How To Build A Portfolio Of Trading Systems

Table of contents:

How To Build A Portfolio Of Trading Systems
How To Build A Portfolio Of Trading Systems
Anonim

A well-built and thoroughly tested trading system is inherently an asset in which all people invest their money. That is why building a portfolio of trading systems is no less important for a trader than building a portfolio of stocks for an investor. At the same time, all securities traders are divided into two groups: traders who buy securities only in order to sell them at a higher price and investors who buy shares in order to have a stake in a good firm.

How to build a portfolio of trading systems
How to build a portfolio of trading systems

Instructions

Step 1

The market can be trending (which has a directional movement) and flat (the final price movement). When compiling a portfolio of trading systems, it is advisable to take into account that both systems (both trend and flat) work.

Step 2

Apply different types of market analysis whenever possible. It is necessary to pay attention to what tools are used to create a trading system. At the same time, you can have as many as five trading systems that are based on moving averages, but it is still better to use fundamentally different instruments. For example, you can use technical analysis figures, fractals, trend lines, channels, Elliott waves, candlestick analysis.

Step 3

In a flat system, in addition to the Stochastic and RSI indicators, you can also use regular or horizontal price channels, candlestick analysis, Fibo levels and fractals. However, you don't need to use everything. Choose only those that are most understandable to you, on the basis of which you can build a profitable trading system.

Step 4

Strategies must be developed for different stocks. For example, if your trading system is built on the basis of moving averages, then in this case it is better not to trade only the shares of one company, but you need to modify your trading system for the shares of other companies. Thus, even if one action goes against you, the others most likely won't.

Step 5

Capital Management.

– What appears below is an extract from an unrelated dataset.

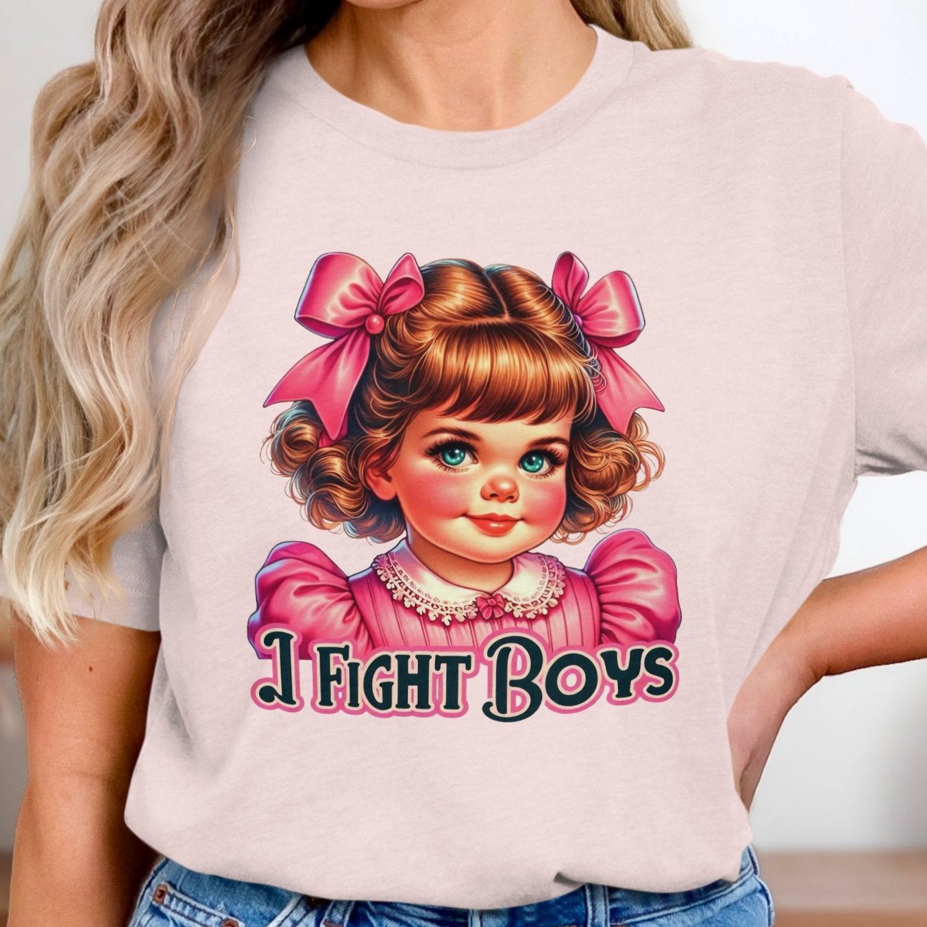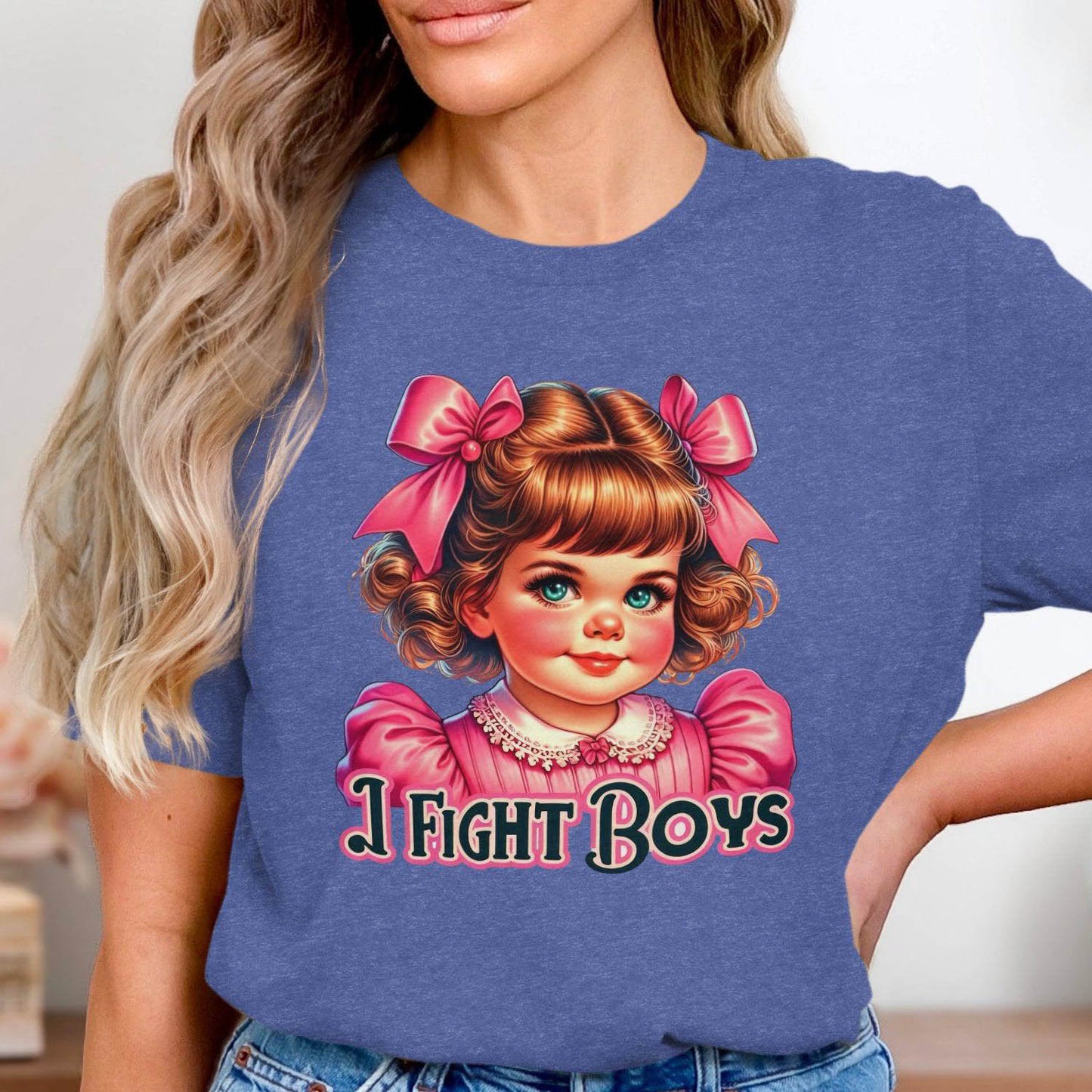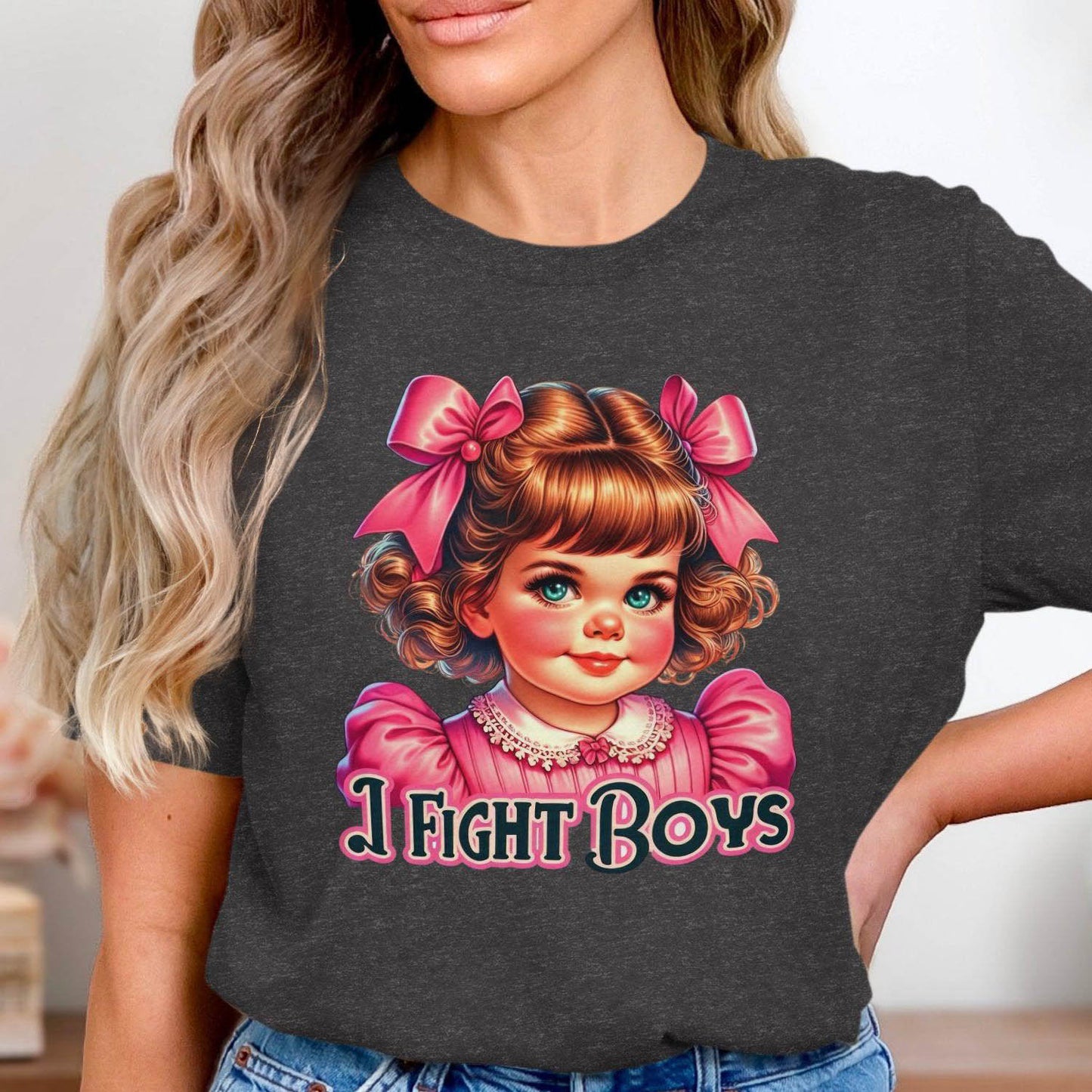 I Fight Boys T-Shirt, Funny Quote Tee, Cute Girl Shirt, Retro Style, Graphic Tee, Trendy T-Shirt, Stylish Design, Vintage Look

Determine in advance the maximum drawdowns of each system, at which trading will be temporarily suspended. Allocate the required percentage of capital for each individual trading strategy. Change the trading lot if necessary.

Step 6

Use a trending strategy. When the price has been in a flat for a long time and you expect that there will be a breakout of the channel, use the following tactic: instead of buying, for example, 100 shares with a full lot on the market, split the position into 2 equal parts (50 shares each). That is, at the time of the channel breakout, buy 50 shares and a little later acquire another 50 shares, even if at a less favorable price. Thus, in the event of a false puncture, you will receive a stop lot not for all 100 shares, but only for 50.